> **WORK ORDER**
Once you find the line with "Victorinox nahkakotelo ruskea" in the data that follows, repeat it and every line after it exactly, through the line with "А если бы еще".

> **MATERIALS PROVIDED**
== Segment start ==
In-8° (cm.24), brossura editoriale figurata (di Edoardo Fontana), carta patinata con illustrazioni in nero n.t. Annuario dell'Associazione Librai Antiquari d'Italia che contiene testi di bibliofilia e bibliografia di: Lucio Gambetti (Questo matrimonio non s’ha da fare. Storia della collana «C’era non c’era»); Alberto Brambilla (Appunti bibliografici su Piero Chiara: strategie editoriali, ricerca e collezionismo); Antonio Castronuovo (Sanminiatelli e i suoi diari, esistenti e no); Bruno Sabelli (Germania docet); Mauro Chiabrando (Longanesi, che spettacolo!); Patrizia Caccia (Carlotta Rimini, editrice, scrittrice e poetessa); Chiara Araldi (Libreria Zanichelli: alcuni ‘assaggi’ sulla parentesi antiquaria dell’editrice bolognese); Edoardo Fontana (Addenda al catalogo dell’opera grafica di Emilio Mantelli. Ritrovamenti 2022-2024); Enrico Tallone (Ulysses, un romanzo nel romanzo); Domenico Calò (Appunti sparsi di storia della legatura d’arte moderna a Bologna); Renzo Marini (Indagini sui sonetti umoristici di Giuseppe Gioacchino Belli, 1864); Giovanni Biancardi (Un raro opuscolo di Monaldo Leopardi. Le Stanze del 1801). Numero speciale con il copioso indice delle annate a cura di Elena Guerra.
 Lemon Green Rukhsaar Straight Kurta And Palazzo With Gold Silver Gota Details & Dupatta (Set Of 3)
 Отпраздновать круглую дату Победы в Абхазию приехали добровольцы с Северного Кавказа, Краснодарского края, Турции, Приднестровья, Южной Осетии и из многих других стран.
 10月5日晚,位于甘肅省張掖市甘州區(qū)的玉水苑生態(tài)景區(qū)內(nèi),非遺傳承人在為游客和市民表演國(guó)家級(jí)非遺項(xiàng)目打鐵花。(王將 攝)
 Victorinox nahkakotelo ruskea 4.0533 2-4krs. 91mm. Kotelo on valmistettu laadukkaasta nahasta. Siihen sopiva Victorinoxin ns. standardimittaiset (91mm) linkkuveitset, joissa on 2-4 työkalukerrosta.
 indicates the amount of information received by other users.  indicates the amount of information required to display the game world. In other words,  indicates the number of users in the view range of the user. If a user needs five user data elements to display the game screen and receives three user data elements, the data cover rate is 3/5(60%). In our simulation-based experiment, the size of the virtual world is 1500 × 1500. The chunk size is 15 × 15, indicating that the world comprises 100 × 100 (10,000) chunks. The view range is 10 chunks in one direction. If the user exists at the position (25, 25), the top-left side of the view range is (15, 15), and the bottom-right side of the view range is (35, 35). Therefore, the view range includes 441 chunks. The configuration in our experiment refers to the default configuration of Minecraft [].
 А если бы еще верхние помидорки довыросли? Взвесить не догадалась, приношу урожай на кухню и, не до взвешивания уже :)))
== Segment end ==
== Segment start ==
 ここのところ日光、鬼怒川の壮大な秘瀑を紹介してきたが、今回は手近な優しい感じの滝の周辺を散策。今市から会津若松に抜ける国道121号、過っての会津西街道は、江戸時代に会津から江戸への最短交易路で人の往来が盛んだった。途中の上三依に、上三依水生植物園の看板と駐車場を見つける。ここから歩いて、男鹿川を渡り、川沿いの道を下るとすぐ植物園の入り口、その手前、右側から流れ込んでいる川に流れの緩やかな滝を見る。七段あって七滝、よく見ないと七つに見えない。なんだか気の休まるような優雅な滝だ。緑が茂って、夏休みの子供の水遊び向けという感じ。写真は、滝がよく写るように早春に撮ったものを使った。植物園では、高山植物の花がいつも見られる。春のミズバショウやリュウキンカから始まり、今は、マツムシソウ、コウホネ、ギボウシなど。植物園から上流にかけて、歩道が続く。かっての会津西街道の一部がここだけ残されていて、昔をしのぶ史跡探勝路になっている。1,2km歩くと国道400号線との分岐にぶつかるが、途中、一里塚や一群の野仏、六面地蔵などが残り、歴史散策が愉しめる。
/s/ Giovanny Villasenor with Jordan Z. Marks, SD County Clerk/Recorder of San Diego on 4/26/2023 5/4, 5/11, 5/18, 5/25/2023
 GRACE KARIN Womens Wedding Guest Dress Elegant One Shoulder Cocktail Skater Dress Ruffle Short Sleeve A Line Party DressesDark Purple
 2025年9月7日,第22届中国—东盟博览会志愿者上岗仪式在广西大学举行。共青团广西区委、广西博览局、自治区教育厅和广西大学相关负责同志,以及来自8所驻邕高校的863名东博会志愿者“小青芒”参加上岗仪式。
== Segment end ==
> **SOLUTION BELOW**
 Victorinox nahkakotelo ruskea 4.0533 2-4krs. 91mm. Kotelo on valmistettu laadukkaasta nahasta. Siihen sopiva Victorinoxin ns. standardimittaiset (91mm) linkkuveitset, joissa on 2-4 työkalukerrosta.
 indicates the amount of information received by other users.  indicates the amount of information required to display the game world. In other words,  indicates the number of users in the view range of the user. If a user needs five user data elements to display the game screen and receives three user data elements, the data cover rate is 3/5(60%). In our simulation-based experiment, the size of the virtual world is 1500 × 1500. The chunk size is 15 × 15, indicating that the world comprises 100 × 100 (10,000) chunks. The view range is 10 chunks in one direction. If the user exists at the position (25, 25), the top-left side of the view range is (15, 15), and the bottom-right side of the view range is (35, 35). Therefore, the view range includes 441 chunks. The configuration in our experiment refers to the default configuration of Minecraft [].
 А если бы еще верхние помидорки довыросли? Взвесить не догадалась, приношу урожай на кухню и, не до взвешивания уже :)))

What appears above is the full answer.